Quality is a real concern. Chondroitin is one of the most adulterated supplements on the market. Independent testing has found that some products contain as little as 5 to 10% of the chondroitin claimed on the label. Extraction processes can introduce contaminants, and raw materials are often polluted with other sugar molecules that get co-extracted alongside chondroitin. If you’re choosing a supplement, look for products that have been independently tested by organizations like USP, NSF, or ConsumerLab.

Effects on Joint Pain

The most studied use of chondroitin is for knee osteoarthritis. In a 24-week randomized trial, patients taking 1,000 mg of chondroitin daily experienced a 41% reduction in pain during daily activity, compared to 32% in the placebo group. That’s a real but modest difference of about 6 points on a 100-point pain scale.

The NIH’s large-scale Glucosamine/Chondroitin Arthritis Intervention Trial (GAIT) found that chondroitin alone didn’t outperform placebo for the overall study population. However, in the subgroup with moderate to severe pain, the combination of glucosamine and chondroitin produced a notable result: about 79% of those patients achieved at least a 20% reduction in pain, compared to 54% on placebo. This is why chondroitin is most often sold combined with glucosamine, and why people with mild pain tend to see less benefit.

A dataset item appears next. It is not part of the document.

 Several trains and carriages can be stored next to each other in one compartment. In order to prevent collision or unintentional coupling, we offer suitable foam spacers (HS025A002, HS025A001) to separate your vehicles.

Don’t expect fast results. Clinical trials show that pain improvements begin to separate from placebo around week 4, but the meaningful differences emerge closer to 12 to 24 weeks of consistent use. Chondroitin is not an acute pain reliever. It works gradually, and the benefits tend to continue building over months.

How Much Gets Absorbed

One limitation of oral chondroitin is that your gut absorbs only about 5 to 15% of what you swallow. The molecule is large, and most of it gets broken down by digestive enzymes or gut bacteria before it reaches your bloodstream. This low absorption rate is part of why the clinical effects are modest and slow to develop: only a fraction of each dose actually makes it to your joint tissue.

The standard clinical dose is 1,200 mg per day, typically split into two or three doses. This has been the most consistent dosing protocol across clinical trials, and it’s what most evidence supports. Taking it with food may help with any stomach discomfort, though chondroitin is generally well tolerated.

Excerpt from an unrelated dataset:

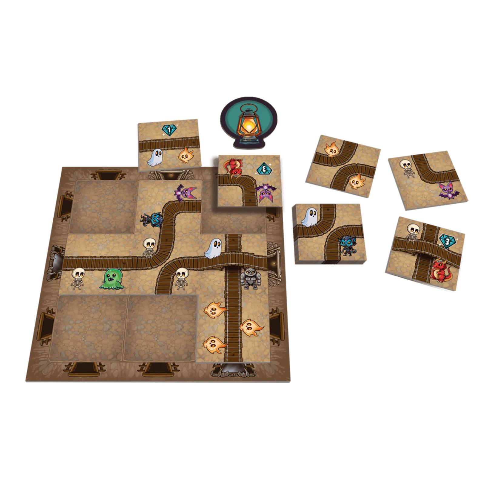 Help monsters een spooktrein bouwen in Ghosts Galore! Neem tegels, leg je spoor slim in 8 rondes en scoor de beste schrikmomenten in dit vlot, strategisch familiespel.

Uses Beyond Joint Supplements

Chondroitin also appears in eye care products. Combined with sodium hyaluronate in eye drops, it helps stabilize the tear film and improve the moisture environment on the eye’s surface. This combination reduces inflammation associated with dry eye disease by lowering the presence of certain immune cells. It’s also used in post-surgical eye care to support healing.

Interactions With Blood Thinners

Chondroitin supplements are frequently sold combined with glucosamine, and this combination has raised concerns about interactions with warfarin, a common blood-thinning medication. Case reports submitted to both the FDA and the World Health Organization suggest that taking glucosamine alongside warfarin can increase INR, a measure of how long your blood takes to clot. Higher INR means greater bleeding risk. The interaction isn’t fully defined yet, but if you take blood thinners, this is worth discussing with your pharmacist or prescriber before starting a chondroitin-glucosamine supplement.

Who Benefits Most

The evidence points to a specific profile for the person most likely to benefit from chondroitin: someone with moderate to severe osteoarthritis pain, particularly in the knees, who is willing to take it consistently for at least three months before judging whether it helps. For mild joint pain, the benefit over placebo is small enough that many people won’t notice a difference.

Chondroitin won’t rebuild cartilage that’s already gone. What it may do is slow the rate of cartilage loss and reduce the inflammatory processes that make osteoarthritis painful. If you’re considering it, choose a third-party tested product at 1,200 mg per day, pair it with glucosamine at 1,500 mg if you want to match the protocol with the strongest evidence, and give it a realistic timeline of three to six months.